┌──

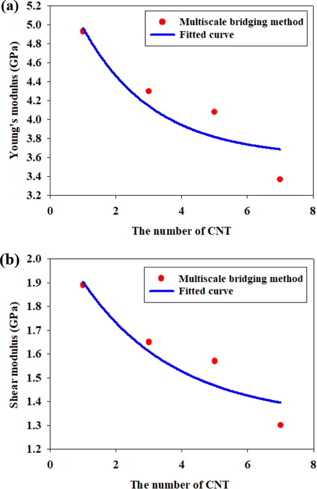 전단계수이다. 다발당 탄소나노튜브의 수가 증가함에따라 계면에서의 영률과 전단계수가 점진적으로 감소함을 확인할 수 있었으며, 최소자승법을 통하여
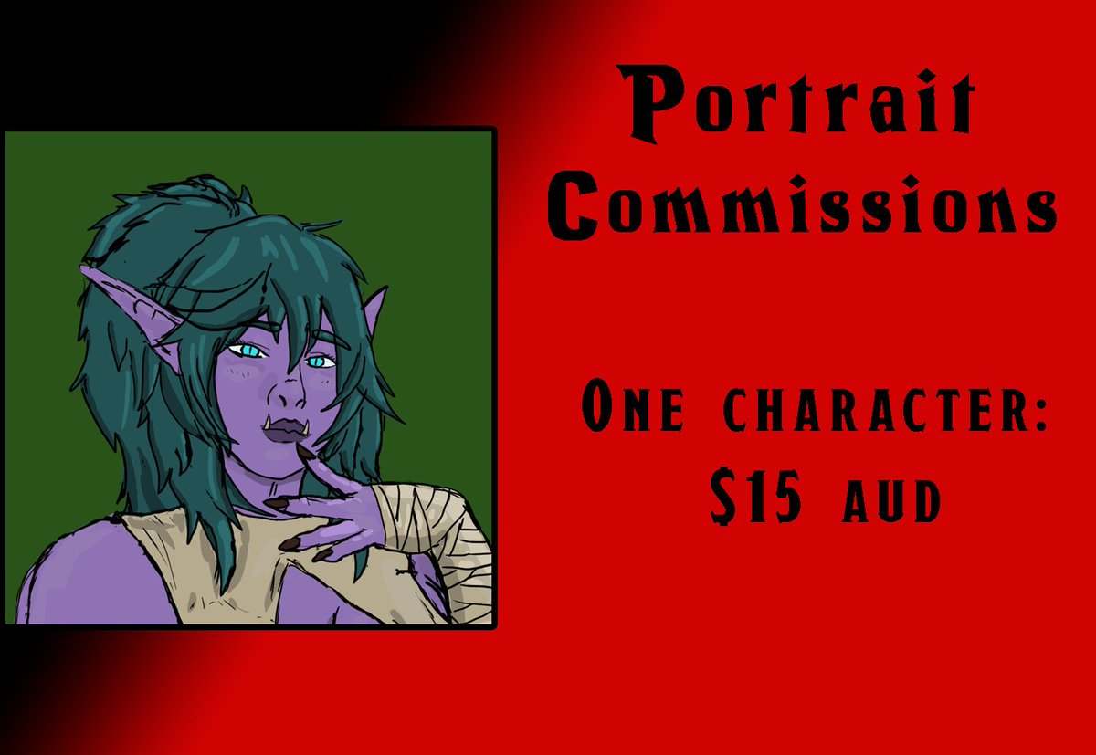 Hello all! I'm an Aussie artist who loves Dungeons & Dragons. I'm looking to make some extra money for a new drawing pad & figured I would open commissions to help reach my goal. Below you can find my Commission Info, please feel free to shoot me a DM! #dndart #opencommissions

└──
┌──

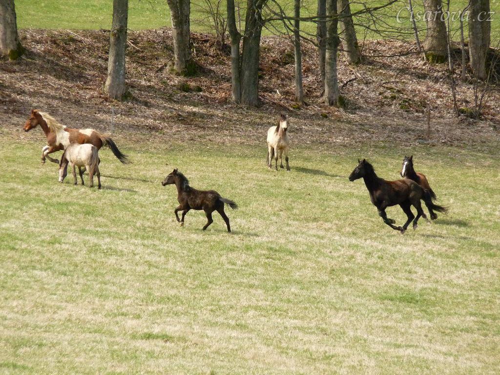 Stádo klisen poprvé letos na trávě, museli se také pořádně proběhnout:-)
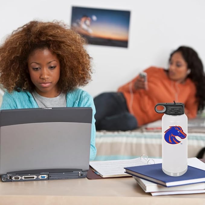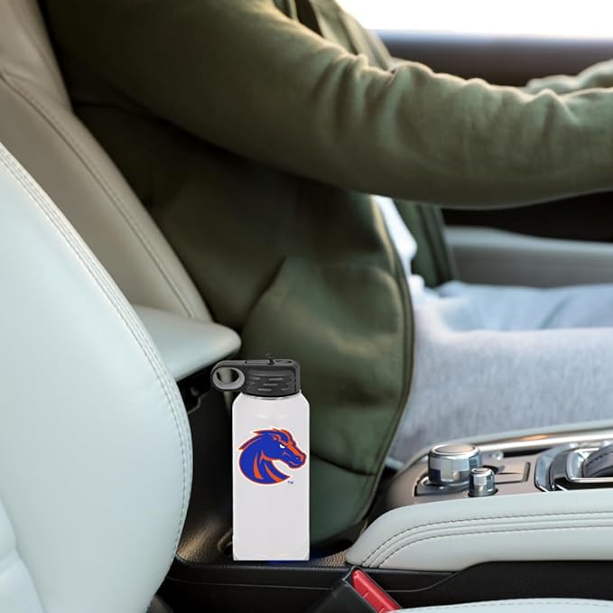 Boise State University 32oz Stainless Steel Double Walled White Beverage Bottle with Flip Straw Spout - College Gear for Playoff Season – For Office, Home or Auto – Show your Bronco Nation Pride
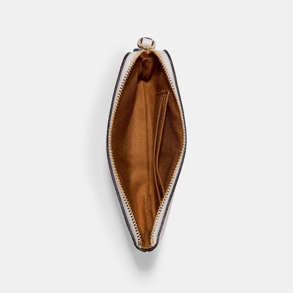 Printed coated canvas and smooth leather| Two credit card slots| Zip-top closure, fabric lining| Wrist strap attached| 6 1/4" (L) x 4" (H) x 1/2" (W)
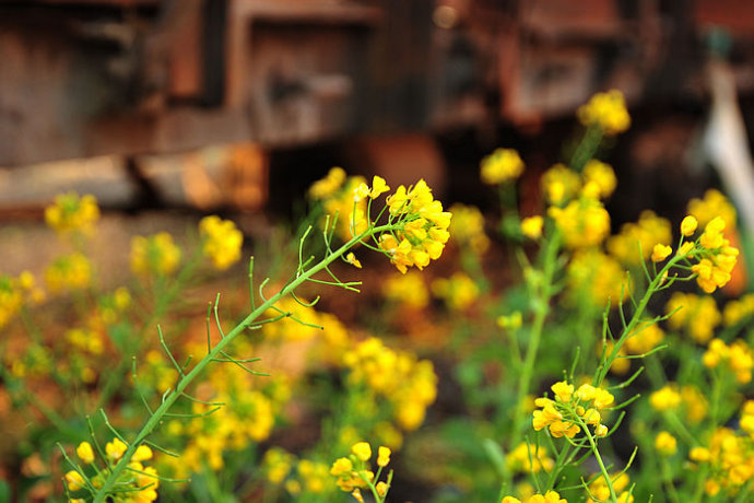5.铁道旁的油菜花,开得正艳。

└──

Only one part of the listing is wanted: the lines from the one containing "전단계수이다. 다발당 탄소나노튜브의" through the one containing "Hello all! I'm", both included. Please transcribe it exactly, leaving out the pictures.

 전단계수이다. 다발당 탄소나노튜브의 수가 증가함에따라 계면에서의 영률과 전단계수가 점진적으로 감소함을 확인할 수 있었으며, 최소자승법을 통하여
 Hello all! I'm an Aussie artist who loves Dungeons & Dragons. I'm looking to make some extra money for a new drawing pad & figured I would open commissions to help reach my goal. Below you can find my Commission Info, please feel free to shoot me a DM! #dndart #opencommissions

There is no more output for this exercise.